Extensive practical trials have been conducted to investigate the SAR drone’s interoperability with a SAR helicopter, among other things. The safe integration of the LARUS UAV into the airspace and a total of more than 1,200 km of BVLOS flight distance over the Baltic Sea have also made the project known beyond Germany.

With its flight time of up to three hours and proven weather resistance of up to 7 Beaufort, the LARUS system has an exceptionally high potential to benefit SAR operations at sea in the future.

Overall, the LARUS project has impressively demonstrated the innovation potential that can arise from interdisciplinary collaboration between end users, universities, and small and medium-sized enterprises.

The systematic analysis of the operating conditions and requirements of the participating maritime SAR service provided the basis for a practical assistance system.
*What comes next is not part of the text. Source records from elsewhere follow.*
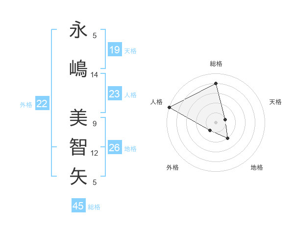 永嶋 美智矢さんの総格は45画の4点!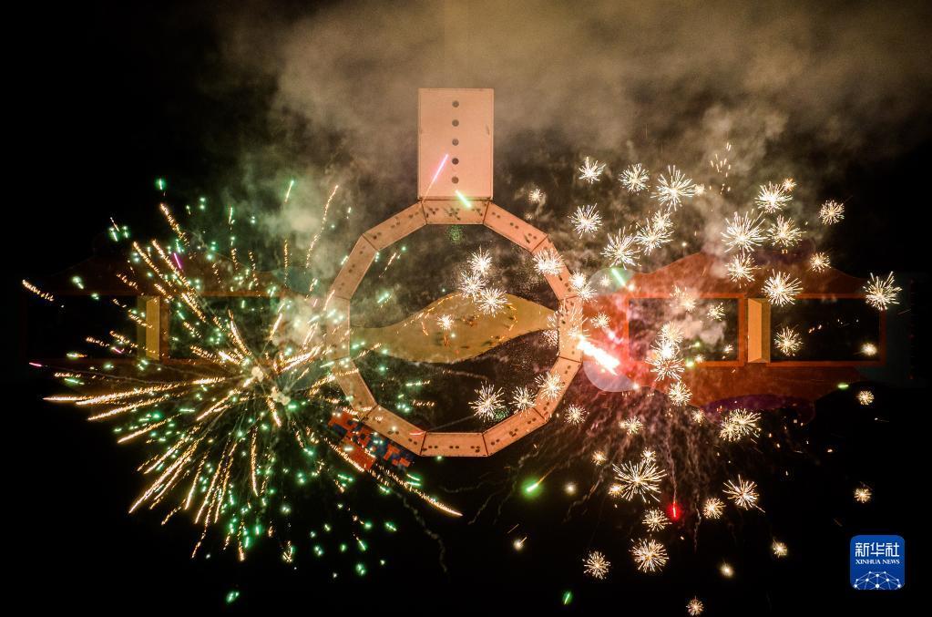 2月2日在浙江省杭州市淳安县里商乡拍摄的里商仁灯元宵表演(无人机照片)。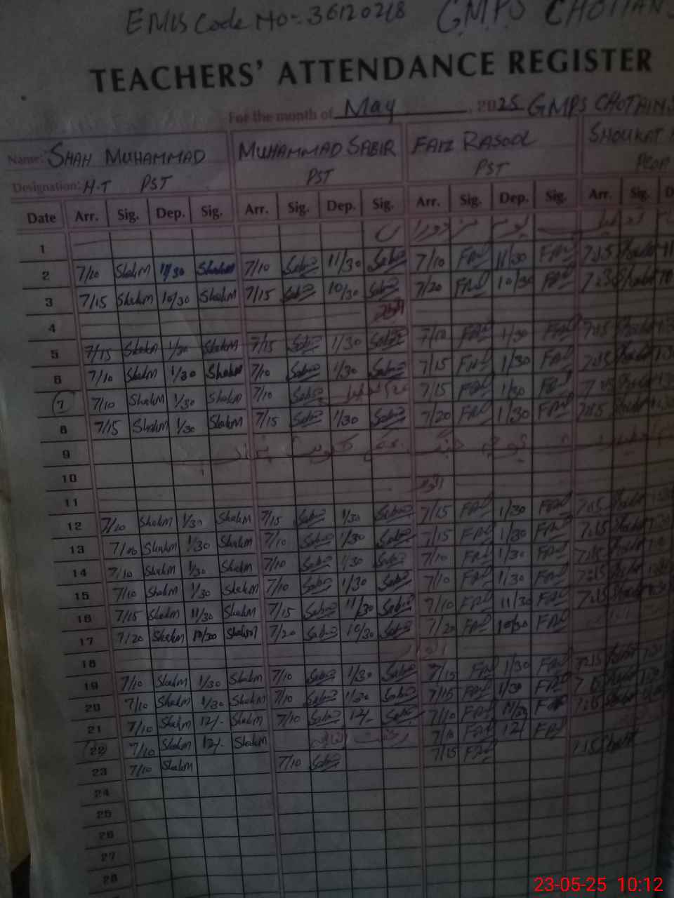 | EMIS Code: 36120218 | Name of School: GMPS CHOTAIN SHARIF | |||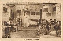 The educational system was dominated by the Roman Catholic Church—as was the case for the rest of Belgium at the time—and, in some rare cases, by Protestant churches. Curricula reflected Christian and Western values. Even in 1948, 99.6% of educational facilities were run by Christian missions. Indigenous schooling was mainly religious and vocational. Children received basic education such as learning how to read, write and some mathematics. The Belgian Congo was one of the few African colonies in which local languages (Kikongo, Lingala, Tshiluba and Swahili) were taught at primary school. Even so, language policies and colonial domination often went hand in hand, as evidenced by the preference given to Lingala—a semi-artificial language spread through its common use in the Force Publique—over more local (but also more ancient) indigenous languages such as Lomongo and others.[66] In 1940 the schooling rates of children between 6 and 14 years old was 12%, reaching 37% in 1954, one of the highest rates in sub-Saharan Africa. Secondary and higher education for the indigenous population were not developed until relatively late in the colonial period. Black children, in small numbers, began to be admitted to European secondary schools from 1950 onward. The first university in the Belgian Congo, the Catholic Jesuit Lovanium University, near Léopoldville, opened its doors to black and white students in 1954. Before the foundation of the Lovanium, the Catholic University of Louvain already operated multiple institutes for higher education in the Belgian Congo. The Fomulac (Fondation médicale de l'université de Louvain au Congo), was founded in 1926, with the goal of forming Congolese medical personnel and researchers specialized in tropical medicine. In 1932 the Catholic University of Louvain founded the Cadulac (Centres agronomiques de l'université de Louvain au Congo) in Kisantu. Cadulac was specialized in agricultural sciences and formed the basis for what was later to become Lovanium University.[67] In 1956 a state university was founded in Elisabethville. Progress was slow though; until the end of the 1950s, no Congolese had been promoted beyond the rank of non-commissioned officer in the Force Publique, nor to a responsible position in the administration (such as head of bureau or territorial administrator).

Because the consortium cooperated with the responsible regulatory authorities and ministries, it was possible for the first time in Germany to comprehensively test an unmanned aerial system with these performance parameters in uncontrolled airspace.

In this way, the nature conservation authorities, among others, were also able to investigate the effect of the flight system on the wildlife in the national park.

The positive results obtained form an important basis for operating this or comparable systems in maritime rescue operations throughout the country in the future. In addition to the technical innovations of the research and development project, the consortium has also succeeded in removing most of the relevant regulatory hurdles, thus contributing towards an essential basis for the future use of drones to save human lives.